2. The speed limiting hydraulic valve according to claim 1 wherein each of said first and second longitudinally extending passages extends for approximately one-half the length of said slide.

3. The speed limiting hydraulic valve according to claim 1 wherein a pressure drop occurs in said first longitudinally extending passage when the rate of hydraulic fluid flow in said first direction increases and said first check valve means opens to permit control pressure from said first control pressure chamber to enter said slide and to cause said slide to move toward said second control pressure chamber, thereby reducing the rate of hydraulic fluid flow in said first direction.

4. The speed limiting hydraulic valve according to claim 1 and further comprising conduit means connecting said first sensing groove to said second sensing groove, the pressure in said conduit means being adapted to control the operation of said hydraulic valve.

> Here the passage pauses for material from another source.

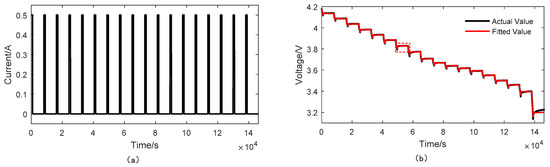 Model parameter identification is used to make the model output as close to the battery output as possible utilizing the input and output of the battery with the aid of some mathematical algorithms. Currently, the off-line identification method is more widely applied, since on-line identification is sensitive to the initial values of coefficients and has stability problems due to the cross interference between the model parameters and SOC [30]. A more robust off-line identification method is to fit rest periods of experimental data with exponential functions; therefore, based on the above principle, the pulse current discharge profile as an off-line approach was applied to identify the model parameters. As shown in Figure 4a, the pulse current profile consists of many sequences of discharge and rest. Initially, the battery was fully charged (SOC = 100%) and rested for one hour to return to the equilibrium state. Then, the battery was discharged by 0.5 A, corresponding to a 0.2 C discharge ratio for 15 min. After the discharge process, the battery was rested for 1 h to allow the terminal voltage to reach the OCV. Each pulse current discharged approximately 5% of the actual capacity of the battery, which is equivalent to about 5% of the SOC. The sequence of discharge and rest was iterated until the terminal voltage was less than the cut-off voltage of 2.5 V, meaning that the battery was fully discharged (SOC = 0%). The last discharge data was abandoned because of the lack of the last resting period data. It can be seen that there were 18 transient voltage responses generated to determine 18 groups of model parameters for 18 different SOCs. Incidentally, the nonlinear relationship between the OCV and the SOC was obtained, as shown in Figure 2. The specific parameter identification process is as follows.

5. The speed limiting hydraulic valve according to claim 1 and further comprising:

a double-acting cylinder comprising a piston rod;

said double-acting hydraulic cylinder being hydraulically connected to said hydraulic valve so that the flow of said hydraulic fluid in said first direction causes said piston rod to extend from said cylinder; and the flow of said hydraulic fluid in said second direction causes said piston rod to retract into said cylinder;

the control of the rate of hydraulic flow in said first direction from said hydraulic valve to said cylinder resulting from a restriction in the rate of the return flow in from said cylinder to said hydraulic valve, as a result of the increase in the back pressure of hydraulic fluid against said piston rod.